## JSON data parsing

In [None]:
import json
import pandas as pd

In [None]:
json_data = json.load(open('data.json'))
cols = [col["fieldName"] for col in json_data["meta"]["view"]["columns"]]
json_df = pd.DataFrame(json_data["data"], columns=cols)
json_df = json_df.drop(cols[:8], axis=1) # Drop the first 8 columns. These data are not present in the xml so no need.
json_df.set_index("state_or_nation")
json_df.shape

## XML data Parsing

In [None]:
from lxml import objectify

In [None]:
parsed_xml = objectify.parse(open("rows.xml"))
root = parsed_xml.getroot()

In [None]:
data = []

for elt in root.row.row:
    el_data = {}
    for child in elt.getchildren():
        el_data[child.tag] = child.pyval
    data.append(el_data)
    
xml_df = pd.DataFrame(data)
xml_df.head()
xml_df.set_index("state_or_nation")
xml_df.shape

## Merging and comparing

In [None]:
merged = json_df.merge(xml_df, on="state_or_nation")
merged.to_csv("joined_data.csv")

In [None]:
jcol_df = pd.DataFrame([col for col in json_df.columns])
xcol_df = pd.DataFrame([col for col in xml_df.columns])
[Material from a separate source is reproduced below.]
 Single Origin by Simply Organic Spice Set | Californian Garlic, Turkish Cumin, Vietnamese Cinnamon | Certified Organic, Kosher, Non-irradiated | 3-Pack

for col in [col for col in json_df.columns]:
    for i in zip(json_df[col],xml_df[col]):
        print(i[0], i[1])

## Questions:

1. The two above datasets were linked from this datasearch description. Does the description give a good overview of the data?
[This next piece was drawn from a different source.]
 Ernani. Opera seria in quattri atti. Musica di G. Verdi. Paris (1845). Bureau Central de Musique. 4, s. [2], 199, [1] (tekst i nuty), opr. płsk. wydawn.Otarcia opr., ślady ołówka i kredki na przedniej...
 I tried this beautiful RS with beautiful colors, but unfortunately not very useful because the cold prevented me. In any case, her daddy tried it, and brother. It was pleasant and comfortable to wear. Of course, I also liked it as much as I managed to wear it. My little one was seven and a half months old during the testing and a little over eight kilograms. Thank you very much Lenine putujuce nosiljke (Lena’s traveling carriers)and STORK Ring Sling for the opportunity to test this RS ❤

        No, the description doesn't mention that this data looks to be nursing home related. It mentions state averages, and other measures, but should really inform the user that this is nursing home data.
 
2. Do the two datasets contain the same information? What is different about them?

        No, the JSON dataset had more data. The JSON dataset contained other information such as metadata about the columns, dataset tags, publication dates, and dataset owner information.

3. Why did you decide to use the columns that you chose?

        I clipped off the first 8 columns from the JSON data after it was loaded into a dataframe because those columns did not exist in the XML data. I decided to compare all values in the remaining columns just for research purposes. 
    
4. What kinds of information can you learn from the data?

        I could learn about which states have the highest resident to nursing home ratio. With that, I could find out if there is a correlation between high resident nursing homes and number of fines. I'd hypothesize that nursing homes with high residents and low nurse counts would be fined more due to understaffing and cutting corners.
        
5. Compare how much effort it took you to parse through the json vs. the xml file. What do you prefer? Why?

        Parsing the loading the xml took a lot more effort than loading the json and was pretty frustrating at first. I would much rather work with JSON data because it is better structured and similar to python dictionaries. I know that XML is still a prominent data format so learning to parse XML was worth learning.